I've gone soft!

Yes, perhaps my friends are right. Or perhaps they're just not nice people.

Oh, enough with the trying-to-suspend-the-tension thing, I'm of course talking about my desk phone (a venerable Meridian thingo) being replaced with a Catalina USB phone as part of our Sydney trial of Unified Everything (or just Unified Communications, but communications is everything, innit?).

Yes, Office Communicator 2007 is now my IM client of choice, and the phone on the desk now doesn't have a dial pad.

This initially freaked me out, but then I'm sure* DNS had much the same initial effect on people that were used to remembering their favourite IP addresses - I don't worry about the number any more, just the person I'm calling. Just like a mobile phone. That isn't mobile.
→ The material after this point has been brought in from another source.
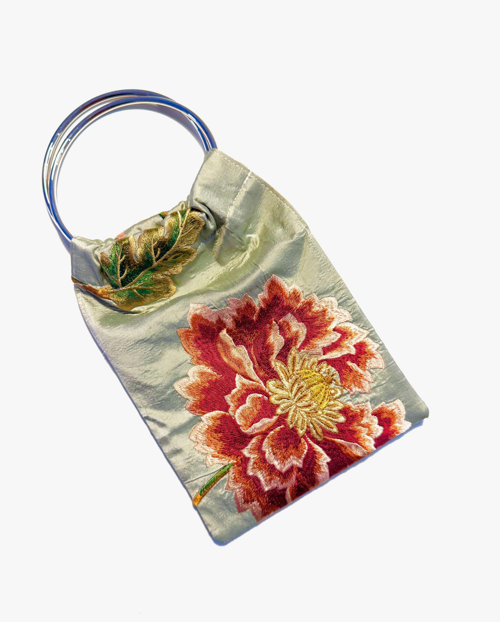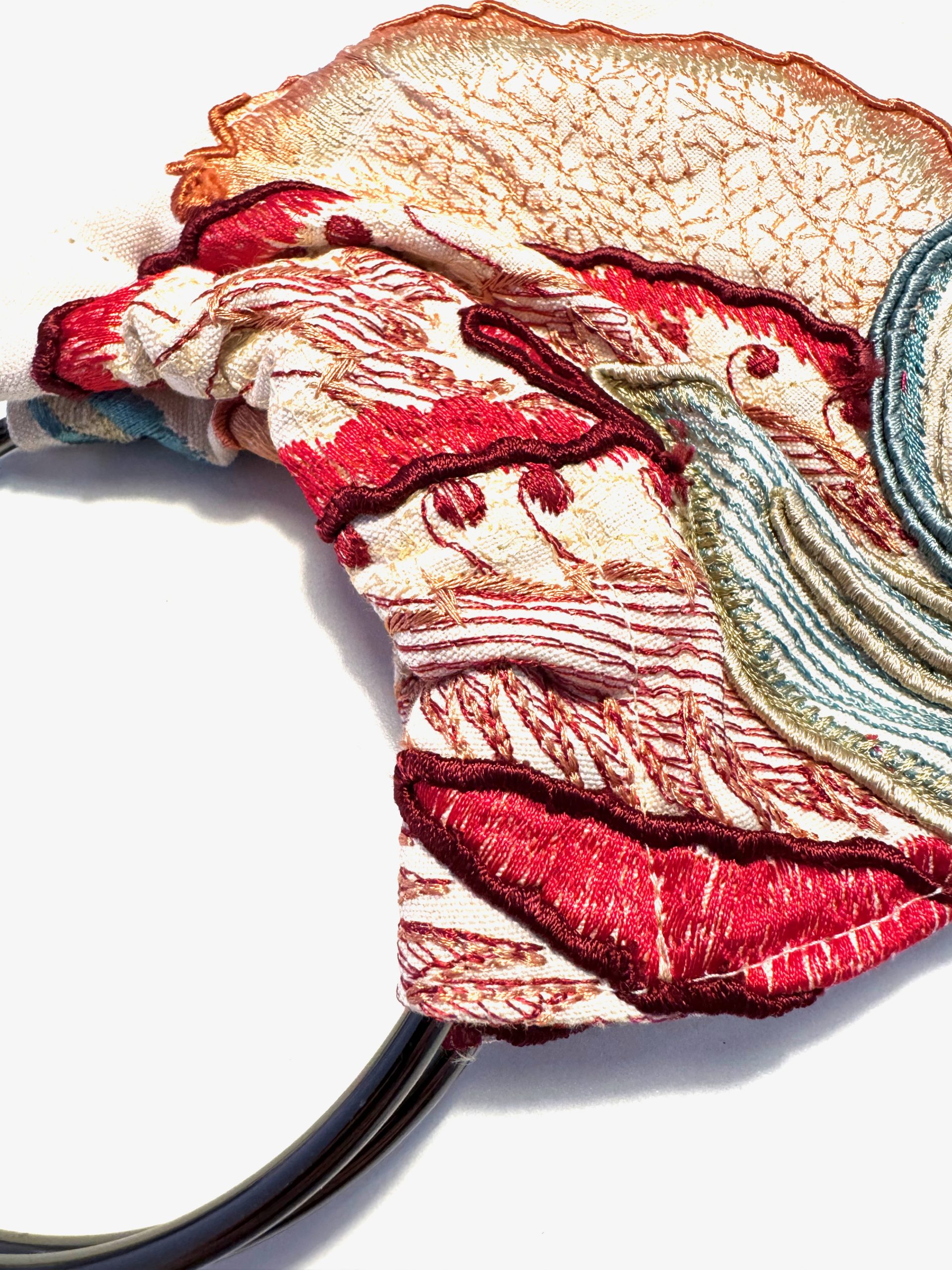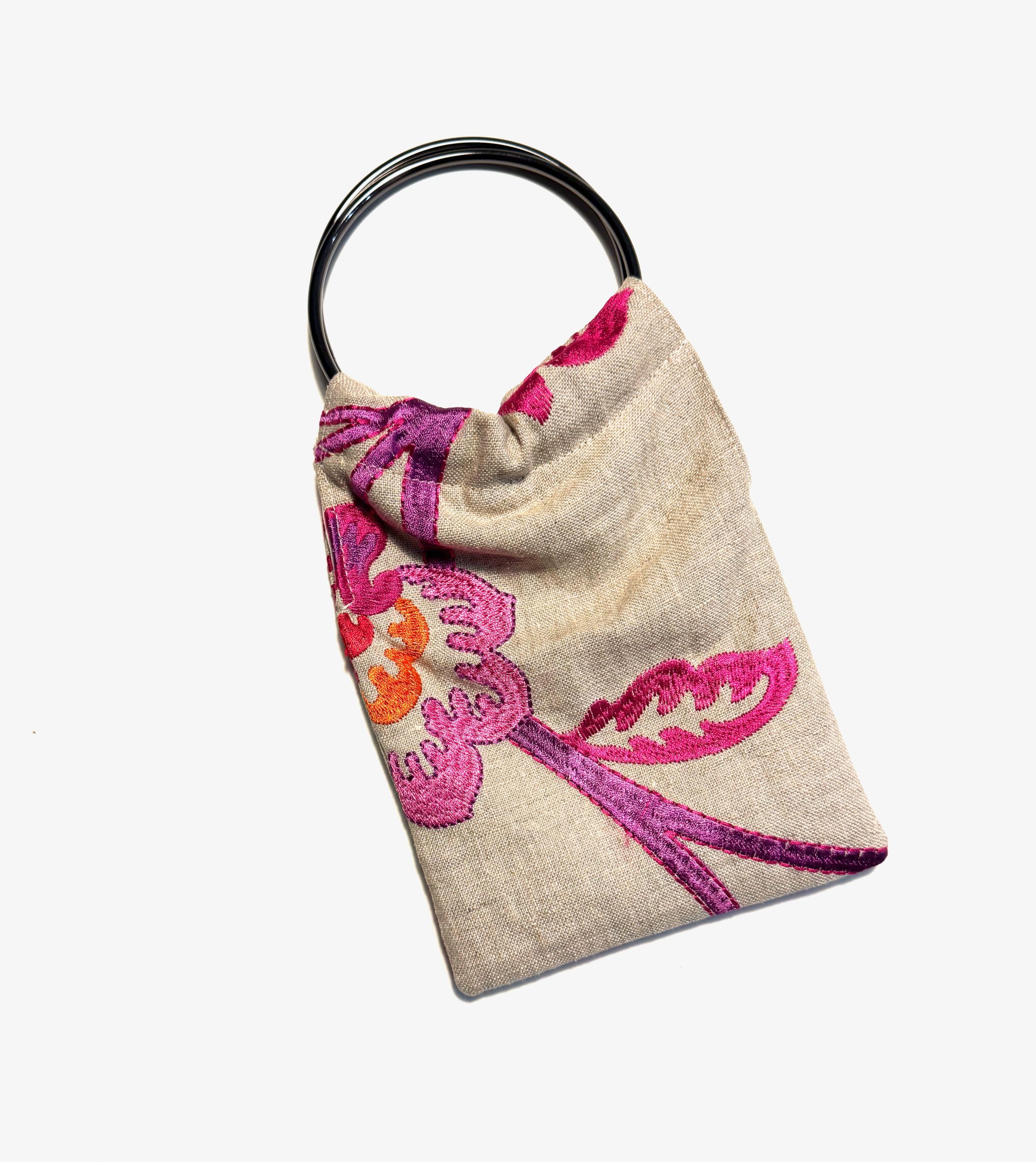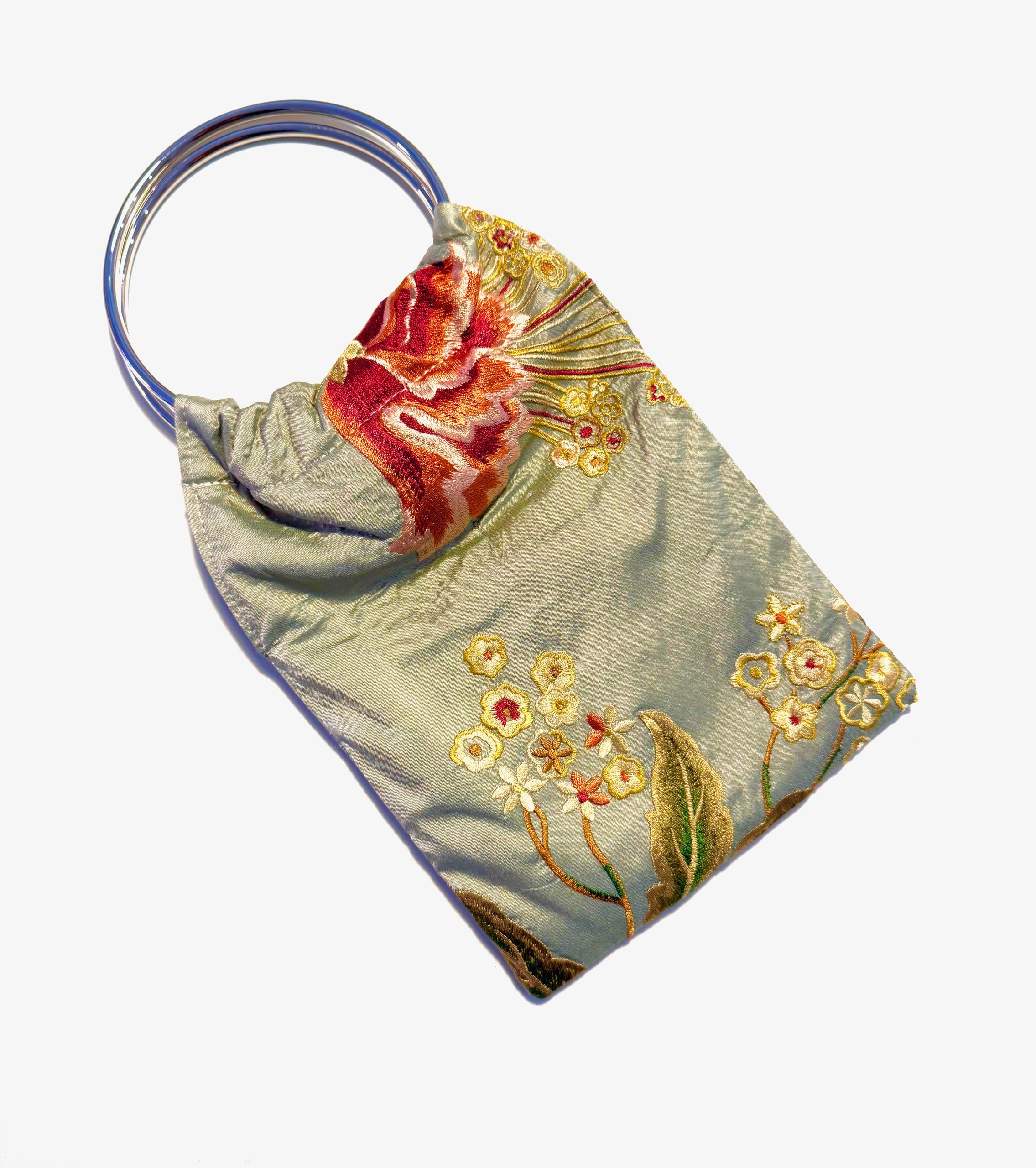 Hecho con tejidos de tapicería reciclados, de seda o lino bordados.

That has a stonking huge library of people whose numbers I now don't need to know or care about. Excellent.

I've been pleasantly surprised with the quality (as was Test Subject 1: My Mother) - I have my good ol' "real" Nortel headset plugged in to the headphone slot on the Catalina, and other than a just-perceptible lag (I'm highly perceptive; I twitch, therefore I am), I wouldn't know I was using an IP phone. I'm not talking "oh dear there's lag it's terrible" lag here. This from a twitchy FPS abuser (isn't Bioshock good? ETQW next), to calibrate your expectations appropriately.

I retrofitted tel: protocol dialing (try it! from Start->Run! +61298702132 (er, or a number of your choice in IDD format) - though without an integrated IP phone or a Communicator PABX integrated system, chances are not a lot will happen) to a couple of our case management utilities and reports previously, so despite Clarify not having dialing capabilities directly, I can dial my Clarify customers with a click.
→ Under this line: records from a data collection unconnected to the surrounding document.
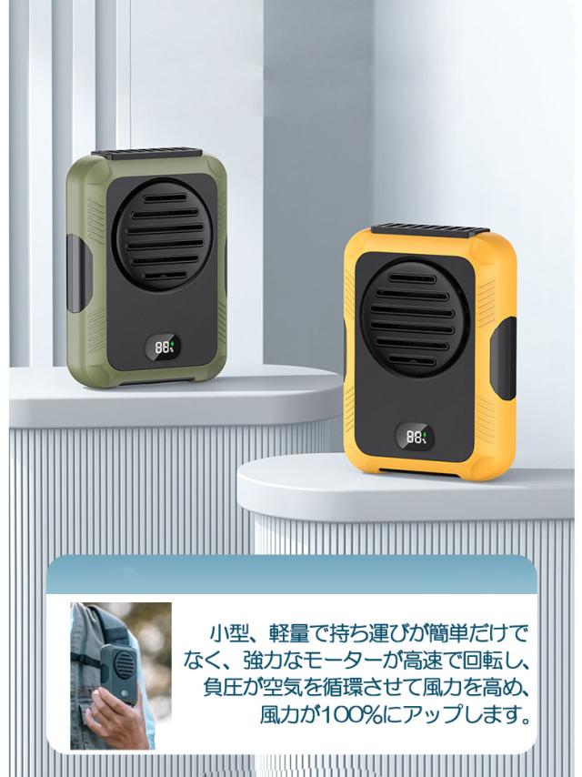 【製品仕様】 腰掛けファンの電池容量:2000mAh材質:ABS 電圧:DC5.0V/1.0A パワー:?5W
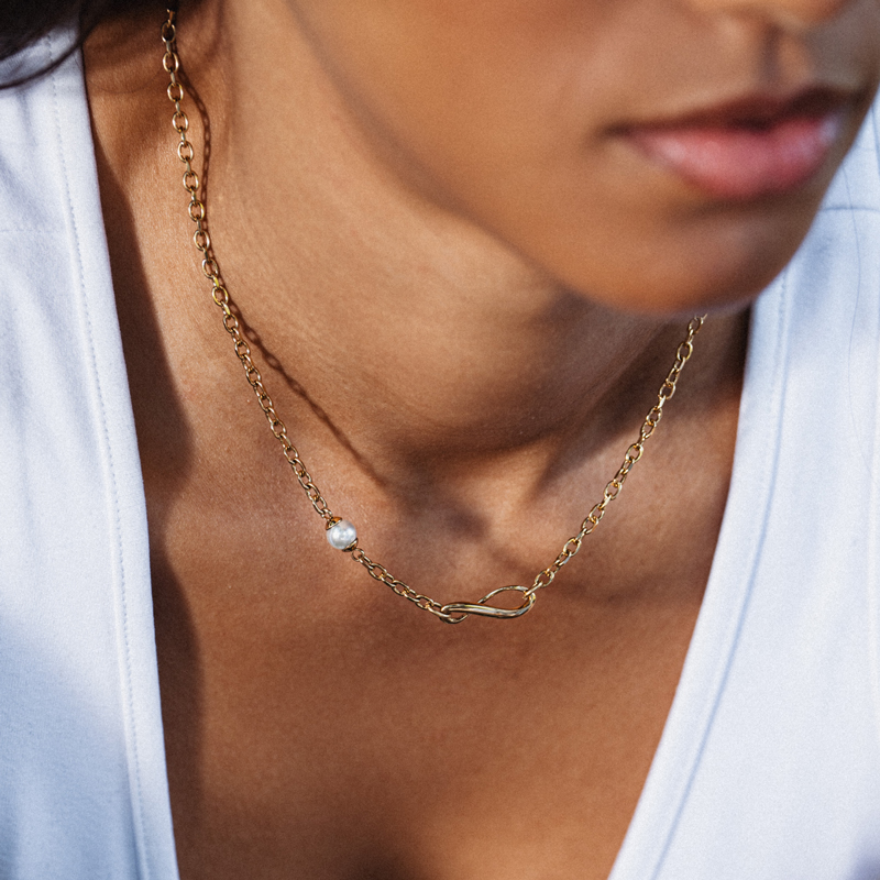 Unlimited 單珠項鍊,透過∞與珍珠的搭配點綴,時刻提醒自己,生活可以透過簡單的搭配創造,更添優雅圓滑。
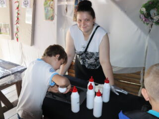 Dopoledne si pro nás Petronela připravila plán, abychom měli ještě krásnější sny, než doposud. Říká, že nebe je vlastně dost nudné, protože je tam málo barev. Proto si vyrobíme pestrobarevné polštářky pro sladké sny. A když už budeme celí zapatlaní, přidáme si k nim i naše bílá trička.

This is cool. This saves me time, and brain stack capacity I can use to solve a problem, rather than run the "dial an unknown number" function, which is remarkably deep in brain-stack-space terms. Might not sound like a big deal, but every day, I have to deal with short-duration-not-worth-remembering numbers, and dialing by contact (or person, or object, or item, or whatever) takes no context switch other than choosing to hit the button and keep thinking about whatever it was (Kerberos, HTTP or sleep, you'll probably find on most days).

The overall Exchange Unified Messaging experience - and it's one I'll hasten to point out I know nothing about in any meaningful sense - has been very, very impressive since the upgrade.

Missed phone calls are emailed to me as voicemail that I can listen to anywhere I can do email (or I can dial in and have my email read to me, and listen to voicemail). Missed IM conversations are emailed to me (I cannot tell you how happy having automatic Conversation History in Communicator makes me. Actually, I'll try: VERY! ), I can dial people by right clicking them in Communicator or Outlook... This is good, I claim. This is the future! (Where are the robots?)